=== What you have to do ===
Produce the lines from the one containing "30-Apr-20 Periferik sinir" through the end of the material exactly as they appear, both ends included, and leave the pictures out.
== The data ==
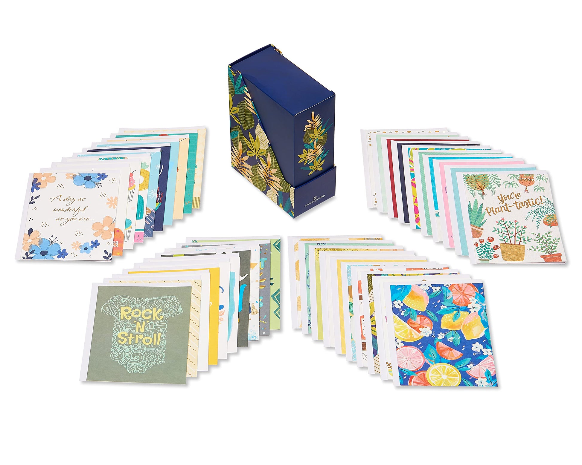 - This deluxe greeting card bundle features 40 cards for popular everyday occasions, packaged in a durable keepsake box with a matte finish and a painterly design.
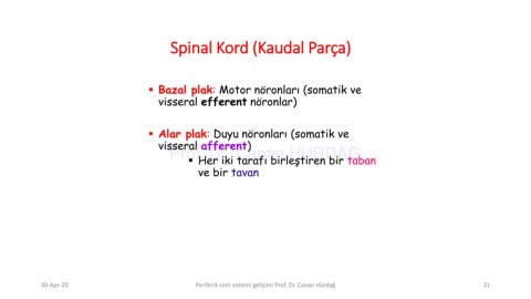 30-Apr-20 Periferik sinir sistemi gelişimi Prof. Dr. Canan Hürdağ 21
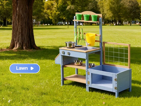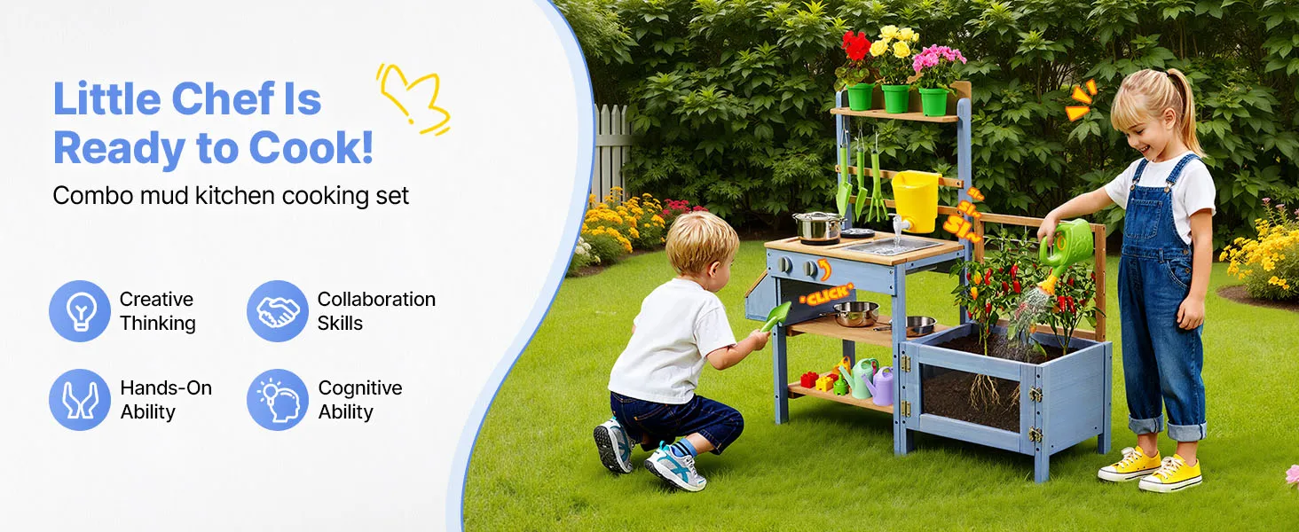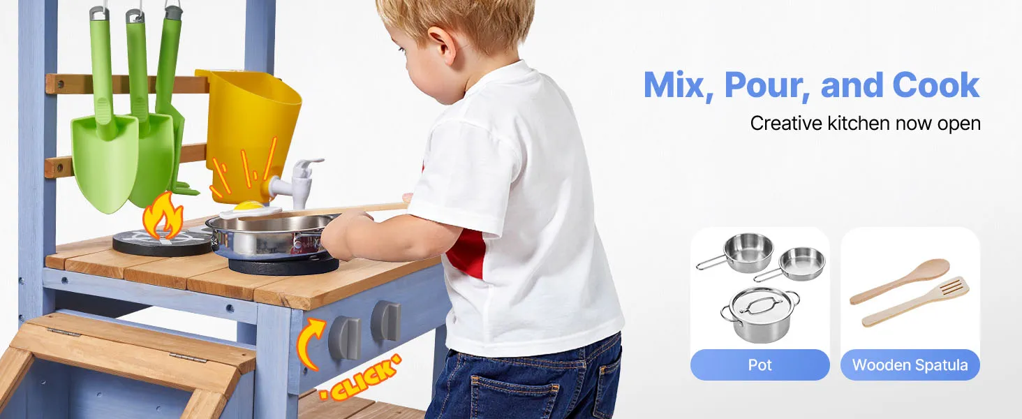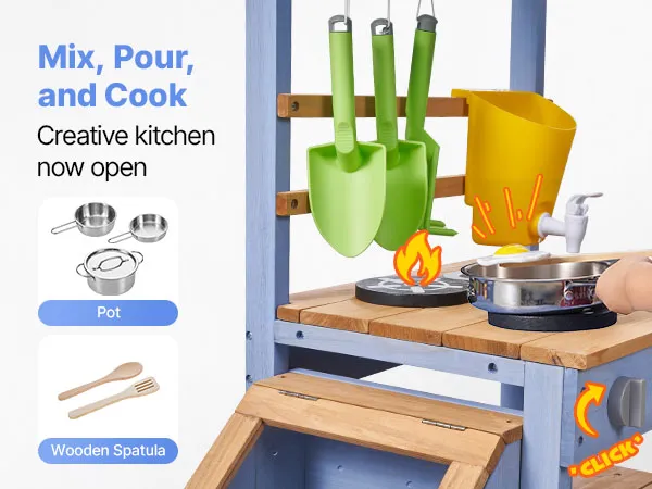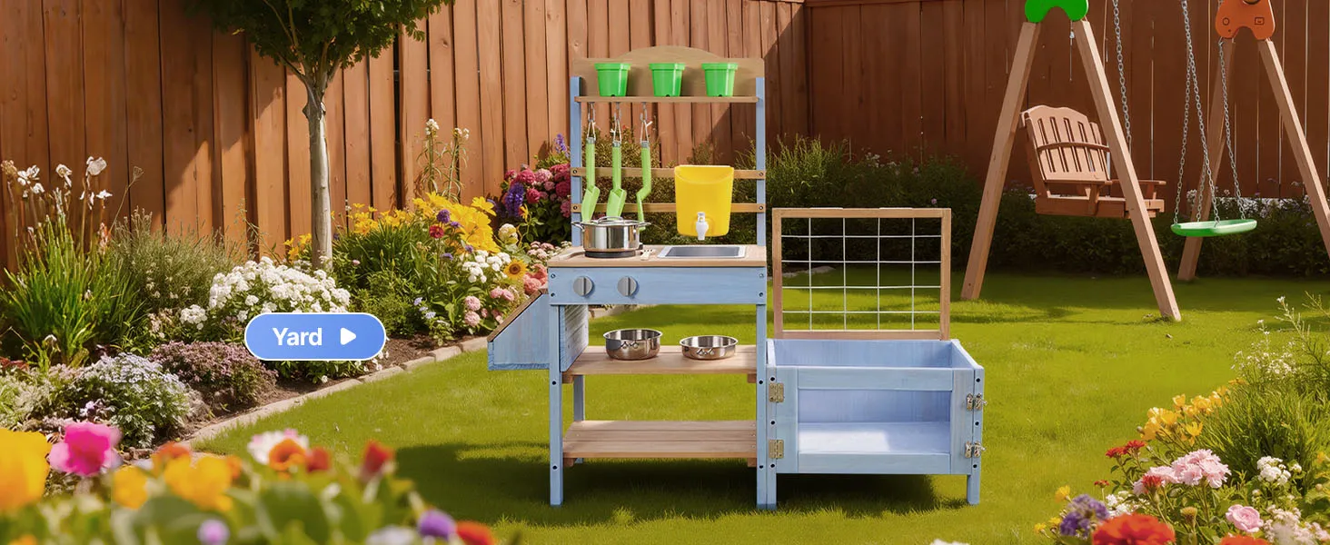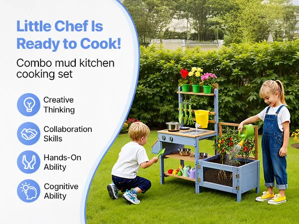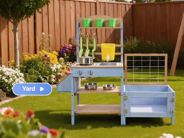 Questa cucina di fango per bambini è progettata per giocare all'aperto con fango, acqua e natura. Lascia che il tuo bambino esplori e cucini con la terra come un vero chef, stimolando la creatività e il divertimento fantasioso.
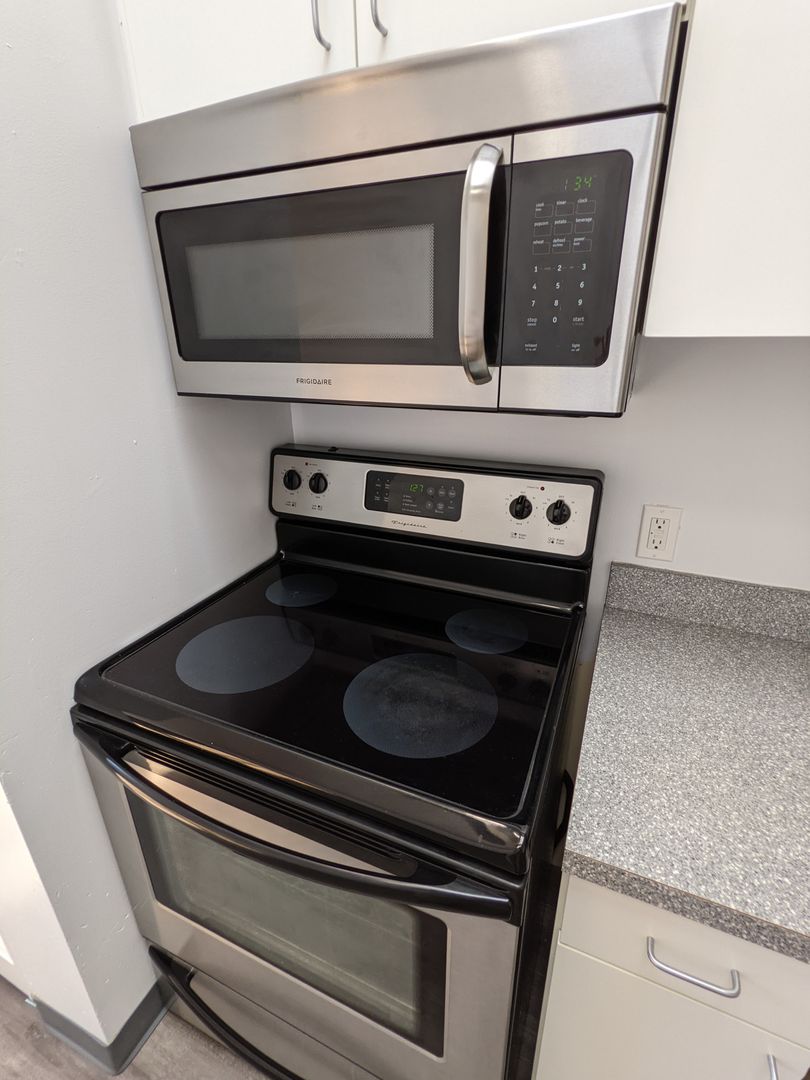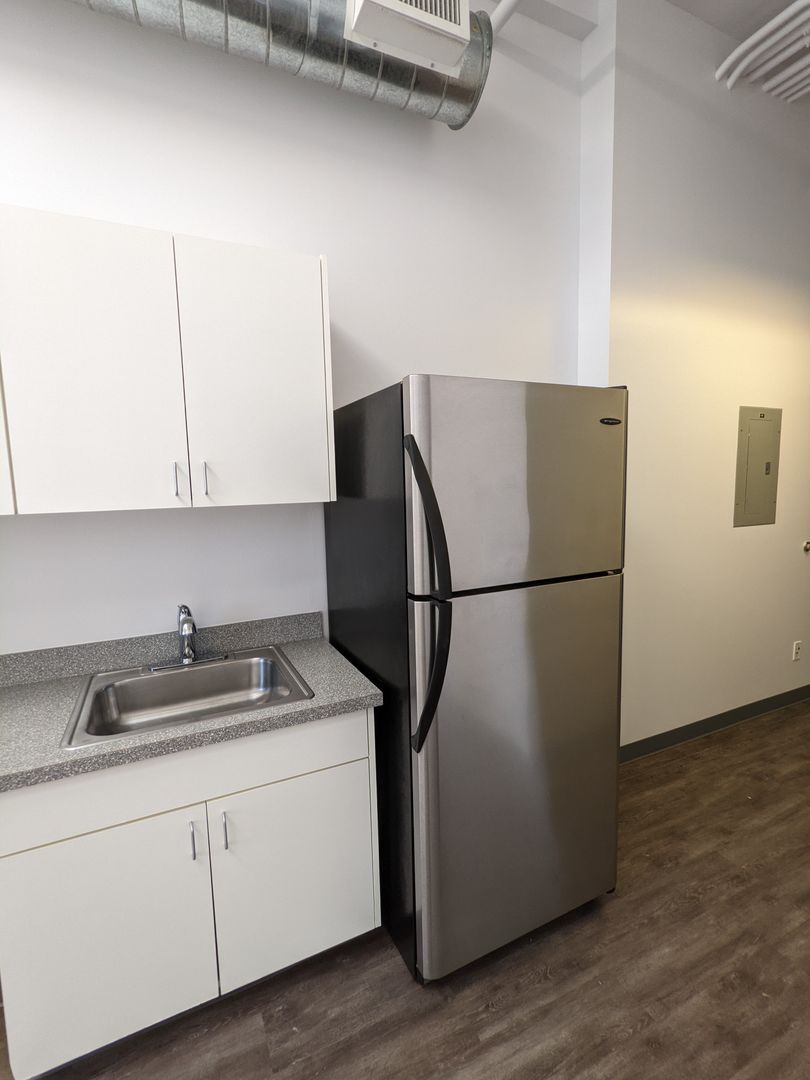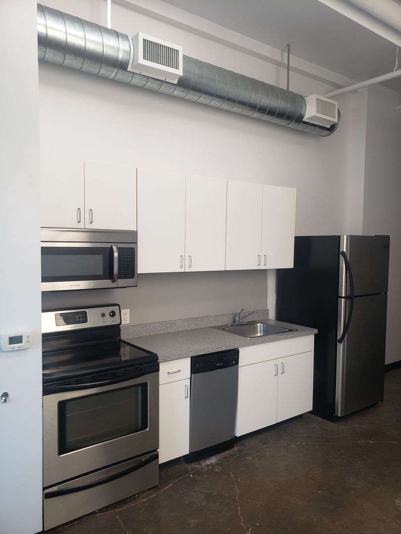 Welcome to the Salem Arts Building, a beautiful studio apartment located in the heart of Salem, OR. This top-floor unit boasts a large living area with 12-foot vaulted ceilings and a skylight, bathing the space in natural light. Equipped with modern stainless-steel appliances, including a refrigerator, dishwasher, microwave, and a glass top range. The kitchen also features a pantry and abundant cabinet space for all your storage needs.
===
=== Exercise answer ===
 30-Apr-20 Periferik sinir sistemi gelişimi Prof. Dr. Canan Hürdağ 21
 Questa cucina di fango per bambini è progettata per giocare all'aperto con fango, acqua e natura. Lascia che il tuo bambino esplori e cucini con la terra come un vero chef, stimolando la creatività e il divertimento fantasioso.
 Welcome to the Salem Arts Building, a beautiful studio apartment located in the heart of Salem, OR. This top-floor unit boasts a large living area with 12-foot vaulted ceilings and a skylight, bathing the space in natural light. Equipped with modern stainless-steel appliances, including a refrigerator, dishwasher, microwave, and a glass top range. The kitchen also features a pantry and abundant cabinet space for all your storage needs.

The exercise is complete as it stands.